Climate data for Cariamanga, elevation 1,950 m (6,400 ft) (1971–2000)
| Month | Jan | Feb | Mar | Apr | May | Jun | Jul | Aug | Sep | Oct | Nov | Dec | Year |
| Mean daily maximum °C (°F) | 23.7 (74.7) | 23.0 (73.4) | 23.0 (73.4) | 23.2 (73.8) | 24.1 (75.4) | 24.3 (75.7) | 24.6 (76.3) | 25.2 (77.4) | 25.6 (78.1) | 25.0 (77.0) | 24.1 (75.4) | 24.8 (76.6) | 24.2 (75.6) |
| Mean daily minimum °C (°F) | 12.4 (54.3) | 12.6 (54.7) | 12.1 (53.8) | 12.5 (54.5) | 11.3 (52.3) | 10.8 (51.4) | 10.4 (50.7) | 11.1 (52.0) | 11.2 (52.2) | 11.5 (52.7) | 11.0 (51.8) | 11.6 (52.9) | 11.5 (52.8) |
| Average precipitation mm (inches) | 110.0 (4.33) | 202.0 (7.95) | 294.0 (11.57) | 204.0 (8.03) | 77.0 (3.03) | 27.0 (1.06) | 7.0 (0.28) | 14.0 (0.55) | 26.0 (1.02) | 57.0 (2.24) | 50.0 (1.97) | 65.0 (2.56) | 1,133 (44.59) |
| Average relative humidity (%) | 83 | 85 | 86 | 90 | 81 | 76 | 70 | 70 | 69 | 77 | 76 | 81 | 79 |
Source: FAO

== Notable people ==
- Jerónimo Carrión (1804–1873), lawyer and statesman, President of Ecuador (1865–1867); born in Cariamanga.

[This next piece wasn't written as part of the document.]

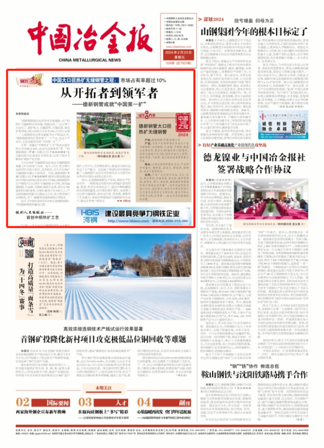 近日,《中國冶金報》采訪組走進德新鋼管,尋找德新鋼管的摘冠之路。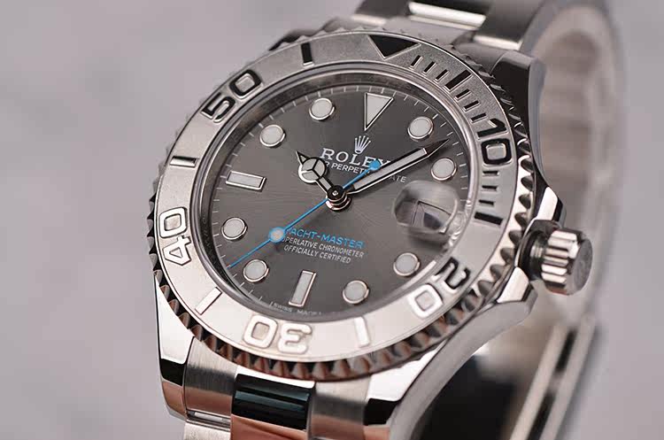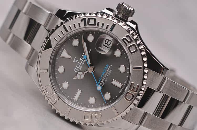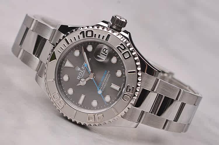 最新款游艇名仕型铂金圈灰面自动机械钢带腕表

- José María Riofrío y Valdivieso (1794–1877), Roman Catholic prelate; Archbishop of Quito (1861–1867).
- Moisés Oliva Jiménez (1874–1926), army general; first president of the Círculo Militar (1916); born in San Pedro Mártir de Cariamanga.
- Max Berrú (1942–2018), Ecuadorian–Chilean musician; co-founder and lead singer of Inti-Illimani; born in Cariamanga.
- Jordy Jiménez (born 1994), Olympic racewalker; born in Cariamanga.